Only the lines below from the one that contains "廊下に出た所にはまたまた収納" through the one that contains "Features: Chasity cage, inescapable, comfortable, designed" should appear in your answer, exact and without pictures.

* Data in this exercise *
--- START ---

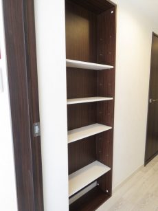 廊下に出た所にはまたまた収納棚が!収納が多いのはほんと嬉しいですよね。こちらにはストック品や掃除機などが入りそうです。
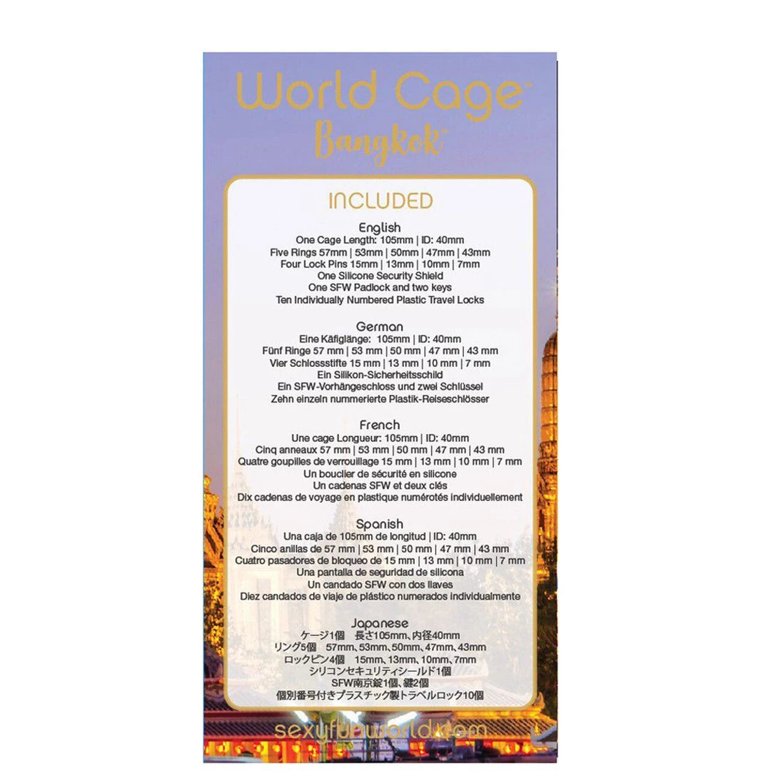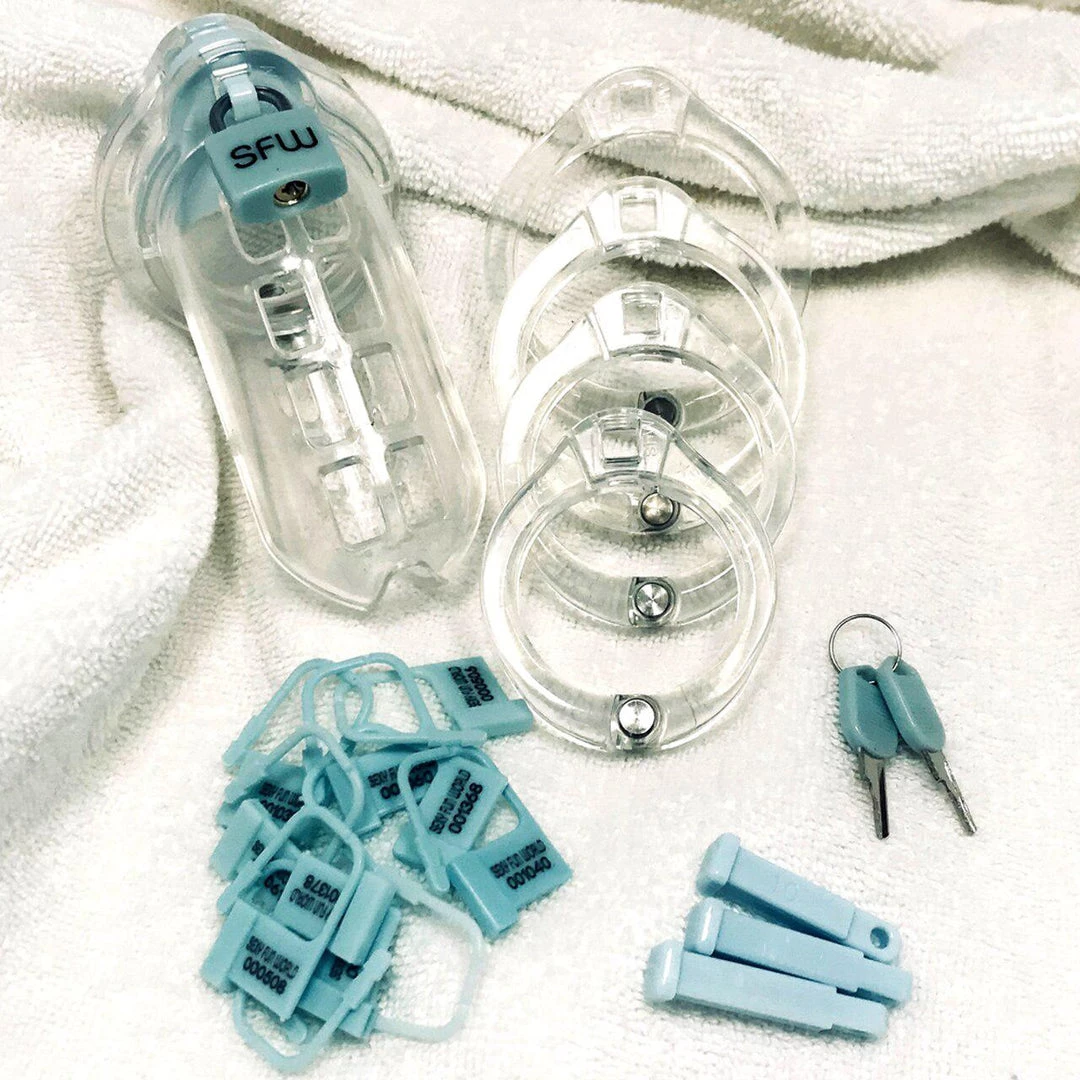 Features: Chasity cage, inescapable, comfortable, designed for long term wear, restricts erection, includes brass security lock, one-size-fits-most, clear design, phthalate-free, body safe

--- END ---
--- START ---

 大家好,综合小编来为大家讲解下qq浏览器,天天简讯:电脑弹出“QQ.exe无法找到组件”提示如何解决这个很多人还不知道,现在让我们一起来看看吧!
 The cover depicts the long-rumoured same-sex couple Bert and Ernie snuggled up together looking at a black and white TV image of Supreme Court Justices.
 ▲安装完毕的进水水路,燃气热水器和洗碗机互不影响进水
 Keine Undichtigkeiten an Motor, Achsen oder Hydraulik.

--- END ---
--- START ---

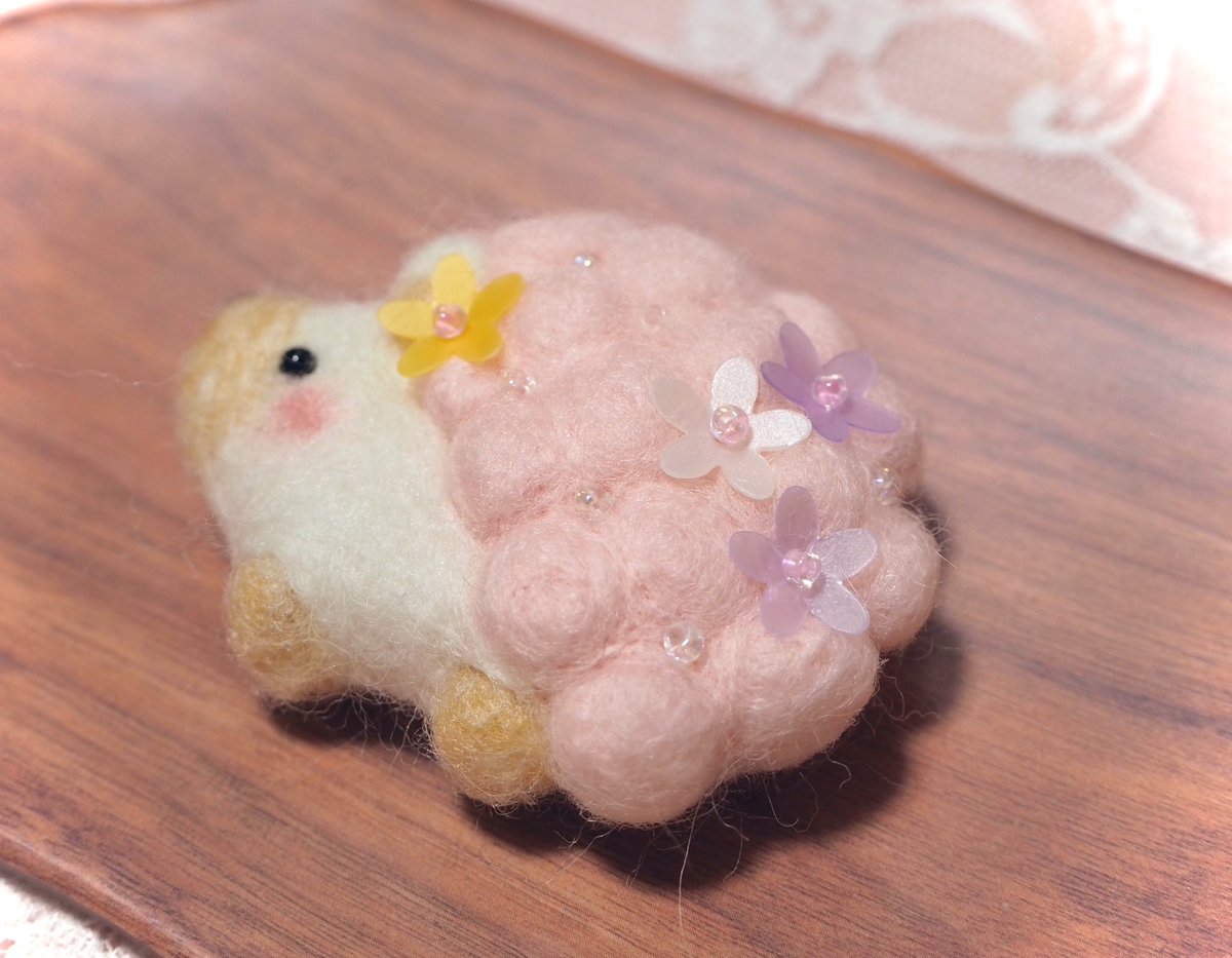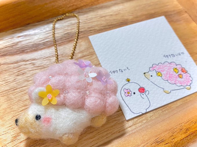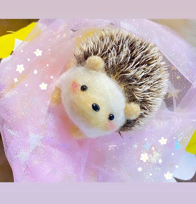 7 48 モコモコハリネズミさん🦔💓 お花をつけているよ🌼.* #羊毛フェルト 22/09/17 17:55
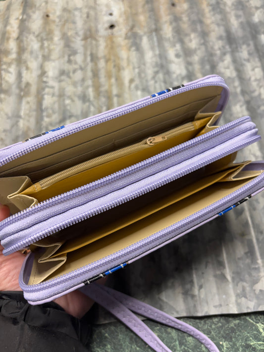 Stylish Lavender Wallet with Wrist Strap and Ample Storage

--- END ---

* Response area *
 廊下に出た所にはまたまた収納棚が!収納が多いのはほんと嬉しいですよね。こちらにはストック品や掃除機などが入りそうです。
 Features: Chasity cage, inescapable, comfortable, designed for long term wear, restricts erection, includes brass security lock, one-size-fits-most, clear design, phthalate-free, body safe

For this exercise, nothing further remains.